GIVEN DATA:
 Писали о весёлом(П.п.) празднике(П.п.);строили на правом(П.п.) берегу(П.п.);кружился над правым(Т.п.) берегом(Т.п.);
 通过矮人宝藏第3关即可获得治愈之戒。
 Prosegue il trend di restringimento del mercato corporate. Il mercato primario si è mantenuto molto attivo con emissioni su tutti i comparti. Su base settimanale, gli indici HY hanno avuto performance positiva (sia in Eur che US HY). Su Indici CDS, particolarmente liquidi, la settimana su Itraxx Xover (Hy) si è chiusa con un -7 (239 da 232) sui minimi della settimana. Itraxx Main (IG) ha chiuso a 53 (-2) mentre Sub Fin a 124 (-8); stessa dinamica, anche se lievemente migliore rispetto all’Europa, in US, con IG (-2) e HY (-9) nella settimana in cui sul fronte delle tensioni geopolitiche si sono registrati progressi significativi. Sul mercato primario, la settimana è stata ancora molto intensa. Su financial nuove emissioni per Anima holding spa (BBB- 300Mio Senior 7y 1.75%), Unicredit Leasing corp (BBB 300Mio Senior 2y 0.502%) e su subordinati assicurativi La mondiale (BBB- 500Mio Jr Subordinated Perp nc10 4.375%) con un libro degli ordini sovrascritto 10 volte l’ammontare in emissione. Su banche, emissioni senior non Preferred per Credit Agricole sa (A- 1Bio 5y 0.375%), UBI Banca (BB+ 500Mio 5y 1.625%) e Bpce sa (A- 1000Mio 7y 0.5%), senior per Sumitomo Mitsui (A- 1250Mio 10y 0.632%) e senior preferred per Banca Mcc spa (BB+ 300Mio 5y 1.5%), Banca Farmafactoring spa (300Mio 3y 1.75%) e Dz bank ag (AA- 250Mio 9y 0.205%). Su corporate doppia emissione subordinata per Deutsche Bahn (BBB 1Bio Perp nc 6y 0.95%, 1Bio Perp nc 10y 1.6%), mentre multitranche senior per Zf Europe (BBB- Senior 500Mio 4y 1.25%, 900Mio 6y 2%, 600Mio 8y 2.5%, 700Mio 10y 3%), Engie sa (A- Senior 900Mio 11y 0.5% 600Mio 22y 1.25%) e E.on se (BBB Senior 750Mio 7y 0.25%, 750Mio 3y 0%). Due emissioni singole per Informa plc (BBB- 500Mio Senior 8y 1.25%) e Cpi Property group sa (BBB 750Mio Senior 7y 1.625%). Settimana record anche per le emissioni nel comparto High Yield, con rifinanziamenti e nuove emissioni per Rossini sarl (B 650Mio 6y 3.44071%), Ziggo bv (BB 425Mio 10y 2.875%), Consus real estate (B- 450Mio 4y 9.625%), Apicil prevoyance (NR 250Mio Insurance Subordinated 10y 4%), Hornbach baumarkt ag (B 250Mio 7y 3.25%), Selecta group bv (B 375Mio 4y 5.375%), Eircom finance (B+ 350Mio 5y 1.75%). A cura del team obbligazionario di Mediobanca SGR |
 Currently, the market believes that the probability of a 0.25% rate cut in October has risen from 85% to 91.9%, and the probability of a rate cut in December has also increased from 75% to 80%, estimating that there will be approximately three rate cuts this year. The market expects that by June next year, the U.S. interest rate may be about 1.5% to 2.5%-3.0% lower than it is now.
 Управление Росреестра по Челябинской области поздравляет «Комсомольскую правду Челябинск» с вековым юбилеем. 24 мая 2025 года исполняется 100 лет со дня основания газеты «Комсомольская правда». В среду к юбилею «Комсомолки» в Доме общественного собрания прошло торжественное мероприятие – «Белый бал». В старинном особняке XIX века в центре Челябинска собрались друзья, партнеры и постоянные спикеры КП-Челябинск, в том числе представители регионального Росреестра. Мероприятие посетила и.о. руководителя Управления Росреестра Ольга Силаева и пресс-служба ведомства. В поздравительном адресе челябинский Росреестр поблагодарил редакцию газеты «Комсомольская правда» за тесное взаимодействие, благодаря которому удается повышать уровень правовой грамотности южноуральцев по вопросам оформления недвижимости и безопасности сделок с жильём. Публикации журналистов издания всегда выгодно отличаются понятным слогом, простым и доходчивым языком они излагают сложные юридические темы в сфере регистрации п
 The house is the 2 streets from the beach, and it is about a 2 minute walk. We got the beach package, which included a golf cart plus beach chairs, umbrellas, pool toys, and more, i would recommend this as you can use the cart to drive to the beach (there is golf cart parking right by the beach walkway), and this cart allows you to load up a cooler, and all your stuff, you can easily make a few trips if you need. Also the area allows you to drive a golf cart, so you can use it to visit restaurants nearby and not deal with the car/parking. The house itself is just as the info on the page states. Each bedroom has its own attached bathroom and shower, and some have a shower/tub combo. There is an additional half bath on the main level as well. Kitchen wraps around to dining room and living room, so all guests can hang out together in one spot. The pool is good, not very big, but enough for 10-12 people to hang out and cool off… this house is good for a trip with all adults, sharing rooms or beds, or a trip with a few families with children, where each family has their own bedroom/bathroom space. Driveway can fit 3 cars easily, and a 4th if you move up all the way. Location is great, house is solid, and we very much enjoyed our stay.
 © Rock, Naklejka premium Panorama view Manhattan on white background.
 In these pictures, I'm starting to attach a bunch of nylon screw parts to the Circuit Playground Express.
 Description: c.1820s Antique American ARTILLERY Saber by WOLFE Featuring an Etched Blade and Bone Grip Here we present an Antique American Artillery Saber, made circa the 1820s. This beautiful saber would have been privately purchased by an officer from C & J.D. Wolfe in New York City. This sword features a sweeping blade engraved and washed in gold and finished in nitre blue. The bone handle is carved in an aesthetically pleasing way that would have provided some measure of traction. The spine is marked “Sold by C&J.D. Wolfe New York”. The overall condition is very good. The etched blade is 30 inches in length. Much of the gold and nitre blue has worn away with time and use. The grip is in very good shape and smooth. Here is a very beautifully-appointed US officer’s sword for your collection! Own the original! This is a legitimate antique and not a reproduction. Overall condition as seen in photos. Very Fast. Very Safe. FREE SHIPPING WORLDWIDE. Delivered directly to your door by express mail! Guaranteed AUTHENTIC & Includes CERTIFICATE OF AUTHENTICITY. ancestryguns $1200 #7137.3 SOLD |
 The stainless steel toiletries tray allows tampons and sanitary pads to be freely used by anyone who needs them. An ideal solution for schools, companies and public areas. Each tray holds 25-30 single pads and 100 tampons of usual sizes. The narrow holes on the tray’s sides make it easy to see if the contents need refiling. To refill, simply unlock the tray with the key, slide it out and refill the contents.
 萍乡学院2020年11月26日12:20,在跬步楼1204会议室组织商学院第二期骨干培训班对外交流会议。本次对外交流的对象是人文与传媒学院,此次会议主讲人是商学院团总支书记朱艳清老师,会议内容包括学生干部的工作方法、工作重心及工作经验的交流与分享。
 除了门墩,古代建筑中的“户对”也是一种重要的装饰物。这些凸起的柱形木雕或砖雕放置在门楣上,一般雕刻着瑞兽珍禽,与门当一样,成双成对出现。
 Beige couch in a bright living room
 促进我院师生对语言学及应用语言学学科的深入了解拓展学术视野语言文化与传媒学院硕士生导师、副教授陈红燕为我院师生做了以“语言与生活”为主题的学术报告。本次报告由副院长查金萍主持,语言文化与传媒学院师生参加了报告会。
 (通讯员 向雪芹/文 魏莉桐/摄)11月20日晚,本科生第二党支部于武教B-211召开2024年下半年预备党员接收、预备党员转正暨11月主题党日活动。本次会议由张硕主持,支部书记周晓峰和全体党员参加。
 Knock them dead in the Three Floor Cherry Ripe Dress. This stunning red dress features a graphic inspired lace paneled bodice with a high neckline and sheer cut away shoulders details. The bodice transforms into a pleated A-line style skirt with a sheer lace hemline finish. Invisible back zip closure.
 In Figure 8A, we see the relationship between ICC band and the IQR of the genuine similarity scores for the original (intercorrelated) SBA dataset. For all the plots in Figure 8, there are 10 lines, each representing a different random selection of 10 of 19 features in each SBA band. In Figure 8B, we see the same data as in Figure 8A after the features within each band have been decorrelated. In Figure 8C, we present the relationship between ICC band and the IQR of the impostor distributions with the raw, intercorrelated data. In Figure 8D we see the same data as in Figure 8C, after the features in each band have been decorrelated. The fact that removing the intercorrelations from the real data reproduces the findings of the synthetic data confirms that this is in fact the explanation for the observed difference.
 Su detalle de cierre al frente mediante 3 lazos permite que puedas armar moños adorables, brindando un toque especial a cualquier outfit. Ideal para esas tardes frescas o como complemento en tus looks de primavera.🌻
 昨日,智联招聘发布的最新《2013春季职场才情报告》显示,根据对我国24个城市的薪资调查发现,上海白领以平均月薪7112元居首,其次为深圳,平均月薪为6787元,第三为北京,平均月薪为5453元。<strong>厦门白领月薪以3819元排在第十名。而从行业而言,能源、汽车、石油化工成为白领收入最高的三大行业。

WHAT TO PRODUCE: Only the lines from the beginning of the data above through the line containing "通过矮人宝藏第3关即可获得治愈之戒。" should be repeated, exactly as they appear.

TASK SOLUTION:
 Писали о весёлом(П.п.) празднике(П.п.);строили на правом(П.п.) берегу(П.п.);кружился над правым(Т.п.) берегом(Т.п.);
 通过矮人宝藏第3关即可获得治愈之戒。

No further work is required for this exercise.